Vous avez créé votre entreprise individuelle en février. Quelles sont vos premières impressions de ce nouveau mode de travail ?

Quand j'ai commencé à répondre aux premiers appels d'offres, j'ai craint de devoir faire face aux situations décrites par mon ex hiérarchie, selon laquelle seules les solutions les moins chères étaient retenues. Or je me rends compte que c'est faux, qu'il y a une appétence pour des contenus de qualité, dans la mesure bien sûr où les prix restent raisonnables. Je suis en colère, du coup, contre ce discours que la direction nous a tenus. Il y a des contraintes économiques, certes, mais les institutions ont abdiqué devant elles, et je crains qu'elles restent prises à leur propre piège. Les professionnels souffrent trop aujourd'hui. Parmi mes anciens collègues, il y a ceux qui sont en burn-out, ceux qui se protègent en s'investissant a minima et ceux qui s'en vont. Je ne connais personne qui aille bien. La question est donc de savoir si le travail social va s'exercer demain dans les institutions. Je pense qu'il va falloir inventer de nouvelles modalités de travail. Pour ma part, j'envisagerais bien de travailler dans le cadre d'une SCOP – parce que je n'ai pas envie de rester seule –, pour le caractère égalitaire de ce type de structure, et de m'allier les compétences de collègues, au gré des contrats. On a besoin de réactivité, de souplesse, dans notre secteur. À nous d'en réinventer les conditions de possibilité.
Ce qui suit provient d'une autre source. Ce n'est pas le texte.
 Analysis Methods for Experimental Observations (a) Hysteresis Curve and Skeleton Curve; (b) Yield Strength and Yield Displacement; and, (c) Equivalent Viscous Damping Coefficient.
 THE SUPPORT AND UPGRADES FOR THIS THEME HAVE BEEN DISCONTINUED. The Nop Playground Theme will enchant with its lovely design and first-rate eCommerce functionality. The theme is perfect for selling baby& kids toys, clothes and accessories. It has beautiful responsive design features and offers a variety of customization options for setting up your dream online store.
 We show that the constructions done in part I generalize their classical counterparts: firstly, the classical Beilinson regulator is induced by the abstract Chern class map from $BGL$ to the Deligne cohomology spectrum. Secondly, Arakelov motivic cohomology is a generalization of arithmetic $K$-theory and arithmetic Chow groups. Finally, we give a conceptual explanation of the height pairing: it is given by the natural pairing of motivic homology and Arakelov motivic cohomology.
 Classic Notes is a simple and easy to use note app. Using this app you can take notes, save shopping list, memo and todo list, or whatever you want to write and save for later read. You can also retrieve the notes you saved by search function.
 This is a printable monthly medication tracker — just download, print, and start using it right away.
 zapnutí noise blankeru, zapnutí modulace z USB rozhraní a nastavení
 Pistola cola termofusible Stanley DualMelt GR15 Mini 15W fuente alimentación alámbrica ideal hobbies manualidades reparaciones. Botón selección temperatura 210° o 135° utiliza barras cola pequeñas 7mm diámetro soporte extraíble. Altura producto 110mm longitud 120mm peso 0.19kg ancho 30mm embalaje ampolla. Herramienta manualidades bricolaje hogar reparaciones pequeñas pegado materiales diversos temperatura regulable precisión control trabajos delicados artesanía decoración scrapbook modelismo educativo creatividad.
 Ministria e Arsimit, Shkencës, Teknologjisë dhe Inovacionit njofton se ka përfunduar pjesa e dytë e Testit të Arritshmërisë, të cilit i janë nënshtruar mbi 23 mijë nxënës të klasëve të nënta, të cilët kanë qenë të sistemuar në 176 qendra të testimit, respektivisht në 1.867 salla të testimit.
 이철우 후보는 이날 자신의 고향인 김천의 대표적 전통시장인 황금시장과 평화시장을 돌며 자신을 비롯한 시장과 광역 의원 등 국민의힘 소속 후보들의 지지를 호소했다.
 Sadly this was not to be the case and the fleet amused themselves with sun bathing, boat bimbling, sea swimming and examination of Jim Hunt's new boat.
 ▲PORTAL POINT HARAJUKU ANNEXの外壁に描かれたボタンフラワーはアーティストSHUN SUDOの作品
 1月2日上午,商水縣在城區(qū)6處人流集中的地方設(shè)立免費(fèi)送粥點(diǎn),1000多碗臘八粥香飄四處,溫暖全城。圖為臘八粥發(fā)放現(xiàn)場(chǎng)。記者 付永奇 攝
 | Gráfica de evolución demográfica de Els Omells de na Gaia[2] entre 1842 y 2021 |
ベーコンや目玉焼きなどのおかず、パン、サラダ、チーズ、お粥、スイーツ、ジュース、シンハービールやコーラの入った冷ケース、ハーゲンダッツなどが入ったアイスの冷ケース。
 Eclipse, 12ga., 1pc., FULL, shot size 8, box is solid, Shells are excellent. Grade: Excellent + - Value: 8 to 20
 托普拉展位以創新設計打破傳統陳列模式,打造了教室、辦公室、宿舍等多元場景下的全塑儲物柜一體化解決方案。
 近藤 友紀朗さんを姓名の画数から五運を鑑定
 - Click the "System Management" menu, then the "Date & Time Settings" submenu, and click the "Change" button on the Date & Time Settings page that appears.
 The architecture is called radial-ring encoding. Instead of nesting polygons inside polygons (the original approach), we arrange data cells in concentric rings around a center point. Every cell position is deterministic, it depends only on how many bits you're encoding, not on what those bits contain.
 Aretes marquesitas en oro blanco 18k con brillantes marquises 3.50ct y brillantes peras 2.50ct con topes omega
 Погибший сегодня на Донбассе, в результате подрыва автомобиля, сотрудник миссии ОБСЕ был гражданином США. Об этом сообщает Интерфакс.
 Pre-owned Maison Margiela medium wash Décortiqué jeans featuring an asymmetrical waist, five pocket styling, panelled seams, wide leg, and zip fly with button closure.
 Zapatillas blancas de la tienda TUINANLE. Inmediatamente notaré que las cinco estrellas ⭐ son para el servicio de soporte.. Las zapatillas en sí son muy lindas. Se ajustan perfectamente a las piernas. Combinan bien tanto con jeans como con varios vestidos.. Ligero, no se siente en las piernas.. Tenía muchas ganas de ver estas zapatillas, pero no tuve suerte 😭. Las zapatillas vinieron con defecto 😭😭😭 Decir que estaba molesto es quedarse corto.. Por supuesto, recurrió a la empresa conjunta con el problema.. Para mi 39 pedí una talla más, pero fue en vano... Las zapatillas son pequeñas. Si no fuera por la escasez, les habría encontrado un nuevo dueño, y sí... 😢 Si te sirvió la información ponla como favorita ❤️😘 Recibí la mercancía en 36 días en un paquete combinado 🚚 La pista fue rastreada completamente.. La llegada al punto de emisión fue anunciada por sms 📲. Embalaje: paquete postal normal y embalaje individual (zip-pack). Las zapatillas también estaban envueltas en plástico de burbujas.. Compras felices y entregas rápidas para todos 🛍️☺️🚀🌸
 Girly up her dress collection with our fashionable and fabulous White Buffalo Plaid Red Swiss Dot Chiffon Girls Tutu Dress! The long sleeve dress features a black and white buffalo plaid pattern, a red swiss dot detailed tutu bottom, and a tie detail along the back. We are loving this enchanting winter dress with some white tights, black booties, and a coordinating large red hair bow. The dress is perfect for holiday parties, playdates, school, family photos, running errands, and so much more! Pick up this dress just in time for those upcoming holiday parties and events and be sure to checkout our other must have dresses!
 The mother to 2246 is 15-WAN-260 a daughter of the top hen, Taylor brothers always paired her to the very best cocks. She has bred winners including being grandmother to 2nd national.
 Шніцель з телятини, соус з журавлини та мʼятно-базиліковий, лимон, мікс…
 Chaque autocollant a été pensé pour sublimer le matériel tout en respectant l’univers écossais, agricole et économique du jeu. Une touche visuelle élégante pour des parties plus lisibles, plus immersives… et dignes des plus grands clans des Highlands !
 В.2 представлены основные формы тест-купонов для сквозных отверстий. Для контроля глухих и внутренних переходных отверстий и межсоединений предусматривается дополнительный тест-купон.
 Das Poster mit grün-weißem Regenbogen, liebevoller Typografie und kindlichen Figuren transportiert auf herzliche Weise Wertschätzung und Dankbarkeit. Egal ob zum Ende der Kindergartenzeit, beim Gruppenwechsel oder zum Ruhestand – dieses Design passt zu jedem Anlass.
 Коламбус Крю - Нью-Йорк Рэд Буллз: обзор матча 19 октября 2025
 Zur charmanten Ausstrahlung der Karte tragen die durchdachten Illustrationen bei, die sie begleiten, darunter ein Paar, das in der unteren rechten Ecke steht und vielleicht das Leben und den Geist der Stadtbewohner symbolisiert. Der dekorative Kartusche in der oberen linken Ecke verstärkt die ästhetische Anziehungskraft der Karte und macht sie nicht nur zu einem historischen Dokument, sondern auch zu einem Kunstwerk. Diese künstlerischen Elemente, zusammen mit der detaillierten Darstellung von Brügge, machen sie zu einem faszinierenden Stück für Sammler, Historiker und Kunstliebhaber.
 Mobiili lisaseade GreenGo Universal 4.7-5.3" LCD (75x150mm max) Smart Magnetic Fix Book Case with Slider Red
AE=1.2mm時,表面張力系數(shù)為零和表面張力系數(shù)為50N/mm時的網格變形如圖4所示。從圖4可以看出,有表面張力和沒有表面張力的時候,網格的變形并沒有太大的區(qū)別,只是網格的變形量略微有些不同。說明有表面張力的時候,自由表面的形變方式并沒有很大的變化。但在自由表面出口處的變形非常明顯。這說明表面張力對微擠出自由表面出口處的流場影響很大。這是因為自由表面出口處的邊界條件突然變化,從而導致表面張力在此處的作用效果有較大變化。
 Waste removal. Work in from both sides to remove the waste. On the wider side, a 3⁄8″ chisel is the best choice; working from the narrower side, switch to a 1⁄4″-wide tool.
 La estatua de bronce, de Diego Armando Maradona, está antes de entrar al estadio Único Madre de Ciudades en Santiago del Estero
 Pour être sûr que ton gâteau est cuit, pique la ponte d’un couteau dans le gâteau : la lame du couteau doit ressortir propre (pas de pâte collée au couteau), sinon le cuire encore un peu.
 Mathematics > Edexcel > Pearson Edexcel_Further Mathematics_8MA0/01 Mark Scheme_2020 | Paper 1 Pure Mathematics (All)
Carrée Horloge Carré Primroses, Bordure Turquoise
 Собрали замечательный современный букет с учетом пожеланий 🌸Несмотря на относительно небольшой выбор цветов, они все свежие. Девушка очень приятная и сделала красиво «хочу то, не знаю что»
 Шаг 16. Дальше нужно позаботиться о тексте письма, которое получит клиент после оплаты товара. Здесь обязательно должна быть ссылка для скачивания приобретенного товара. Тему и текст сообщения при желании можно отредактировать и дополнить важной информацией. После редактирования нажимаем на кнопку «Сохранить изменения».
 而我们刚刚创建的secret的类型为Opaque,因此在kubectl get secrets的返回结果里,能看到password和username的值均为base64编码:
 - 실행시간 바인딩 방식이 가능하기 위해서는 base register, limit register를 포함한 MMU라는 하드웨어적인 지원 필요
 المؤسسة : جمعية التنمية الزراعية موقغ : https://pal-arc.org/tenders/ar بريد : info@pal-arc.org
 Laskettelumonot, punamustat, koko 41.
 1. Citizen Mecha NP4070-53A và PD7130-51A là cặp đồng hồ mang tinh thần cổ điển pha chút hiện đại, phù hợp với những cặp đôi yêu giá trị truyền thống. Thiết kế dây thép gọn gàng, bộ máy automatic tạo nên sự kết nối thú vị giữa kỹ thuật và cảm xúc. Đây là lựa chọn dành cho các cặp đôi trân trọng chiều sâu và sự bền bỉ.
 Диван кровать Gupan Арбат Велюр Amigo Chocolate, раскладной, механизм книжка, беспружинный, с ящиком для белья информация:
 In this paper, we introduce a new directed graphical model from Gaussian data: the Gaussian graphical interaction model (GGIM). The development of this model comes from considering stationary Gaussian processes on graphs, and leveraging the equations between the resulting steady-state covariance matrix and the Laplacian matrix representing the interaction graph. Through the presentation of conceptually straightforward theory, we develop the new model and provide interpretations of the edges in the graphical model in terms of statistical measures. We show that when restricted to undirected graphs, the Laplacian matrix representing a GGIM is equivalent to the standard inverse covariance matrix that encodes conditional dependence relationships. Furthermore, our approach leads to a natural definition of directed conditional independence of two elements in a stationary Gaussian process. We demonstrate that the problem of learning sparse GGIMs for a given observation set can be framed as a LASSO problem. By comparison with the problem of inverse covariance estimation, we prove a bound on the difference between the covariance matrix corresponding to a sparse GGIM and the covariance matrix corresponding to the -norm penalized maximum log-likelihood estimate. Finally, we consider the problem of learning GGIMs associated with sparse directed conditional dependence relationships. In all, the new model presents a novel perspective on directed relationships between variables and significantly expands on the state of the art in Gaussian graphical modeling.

Vous souhaitez témoigner de votre parcours personnel, faites-le nous savoir à l'adresse suivante : tsa@editions-legislatives.fr, et la rédaction vous recontactera.

 

Pourquoi cette série "En quête de sens" ?

Le travail social est atteint par une grave crise de sens : le sujet n'est hélas par nouveau, il était au cœur des États généraux du travail social. Mais par-delà le constat collectif, comment cette mise en question résonne-t-elle individuellement, pour les professionnels du secteur ? Comment et à quel moment chacun peut-il être amené dans son travail à se regarder et à se demander : « mais qu'est-ce que je suis en train de faire ? ». Lorsque la réalité de terrain s'éloigne trop de l'idéal qu'on s'était forgé de sa mission, comment surmonter le décalage ? Décide-t-on de fermer les yeux en investissant d'autres pans de sa vie, de tout lâcher, de militer, de ruser avec les contraintes, de les enfreindre ? Où trouve-t-on les ressources, l'énergie, pour conserver le cas échéant une créativité interne – créativité au service des personnes que l'on accompagne et souvent aussi de notre santé psychique et physique.

Si chacun n'a d'autre choix que de s'inventer ses propres réponses, rien n'empêche d'aller puiser de l'inspiration dans l'expérience d'autres collègues. Notre nouvelle rubrique, « En quête de sens », se propose justement de vous donner à entendre la trajectoire singulière de travailleurs sociaux désireux de partager leurs interrogations, leurs découragements, leurs enthousiasmes, et les stratégies qu'ils mettent en œuvre dans ces métiers aujourd'hui si chahutés. Des métiers mis plus que jamais en demeure de penser leur propre sens pour éviter qu'ils ne deviennent – malgré eux – vecteurs de maltraitance.